She had to wait until afternoon to catch the next bus, Ratzlaff said. He said she was traveling with nine boxes when only two were allowed.

"I think they put her on the bus just to get her out of the station she came from," Ratzlaff said.

The talkative passenger may have been annoying, but she didn't pose a threat to other passengers as some have. Take, for example, the hijacking of a Greyhound bus headed to Grand Junction by a man with a knife May 31. In cases such as that, drivers try to call police.

Ratzlaff said once there was a man waving a gun on a bus from Salt Lake City. The driver called the Craig Police Department, whose officers were able to board the bus and remove the gun without waking any sleeping passengers, Ratzlaff said.

The worst thing about the job, said Ratzlaff, is lost luggage.

"Delayed luggage isn't a problem; missing is a problem," he said.

If passengers check luggage to the wrong destination, it will be delayed. Or if passengers have a tight connection, they might make it onto their next bus, while their luggage is left behind. The luggage eventually is reunited with its owner, but in rare cases, luggage is lost altogether.

Ratzlaff estimates they lose three pieces of luggage a year out of about 3,000.

The Craig station also performs well when it comes to bookkeeping. The company regularly audits regional offices and rewarded Nancy Ratzlaff with a plaque for her consistent accuracy.

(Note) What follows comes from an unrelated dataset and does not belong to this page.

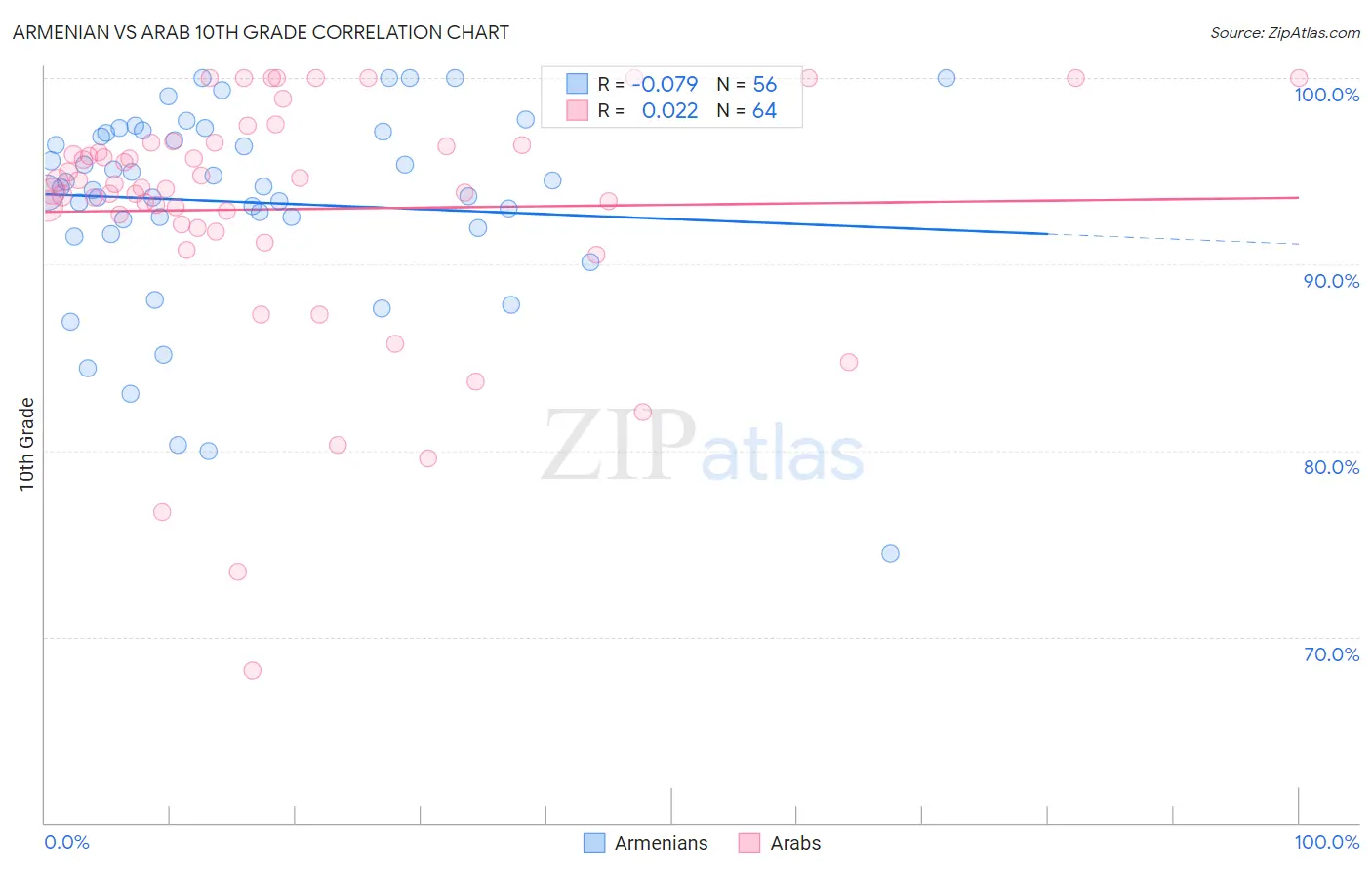 The statistical analysis conducted on geographies consisting of 310,954,685 people shows a slight negative correlation between the proportion of Armenians and percentage of population with at least 10th grade education in the United States with a correlation coefficient (R) of -0.079 and weighted average of 92.7%. Similarly, the statistical analysis conducted on geographies consisting of 486,870,847 people shows no correlation between the proportion of Arabs and percentage of population with at least 10th grade education in the United States with a correlation coefficient (R) of 0.022 and weighted average of 94.0%, a difference of 1.4%.
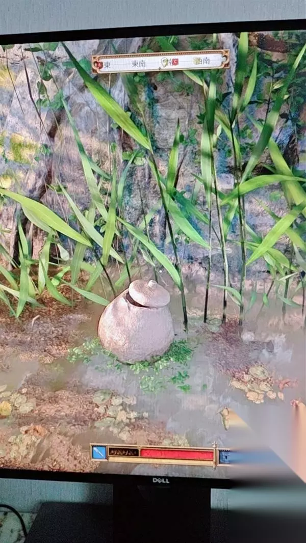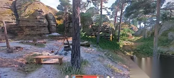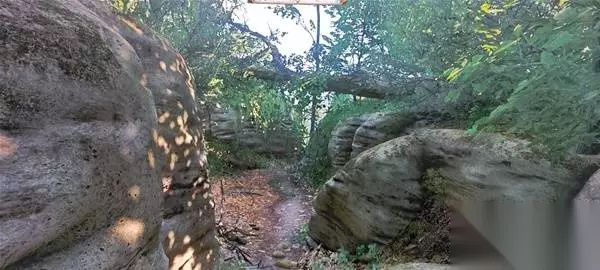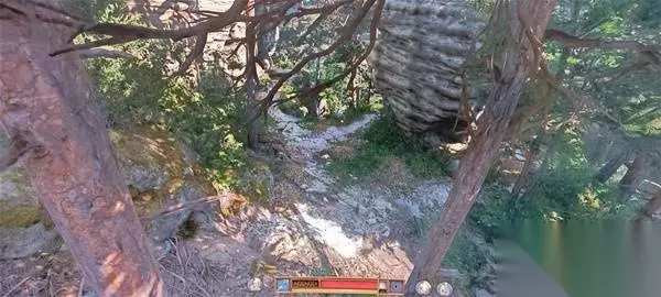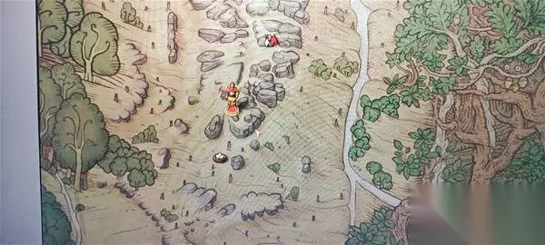 这里,到标记点后直接往左进林子能看到一条小路。然后墙壁藏宝图右上角的图案显示的是藏宝点的特征,左右两块石头上面架着一棵树,所以实际的也就是

The station receives buses twice a day, six days a week and so the pair often can't get away for a vacation. Harold Ratzlaff recalled with fondness traveling by bus and train during his time off in the Navy. He said he's only ridden a Greyhound bus once in the past 20 years.

He said he and his wife are able to get away to bird watch, on occasion.

They've lived in Craig for 25 years. Not surprisingly; Harold says it's the people who keep him here.

"The greatest people in the world are in Craig, Colorado," he said.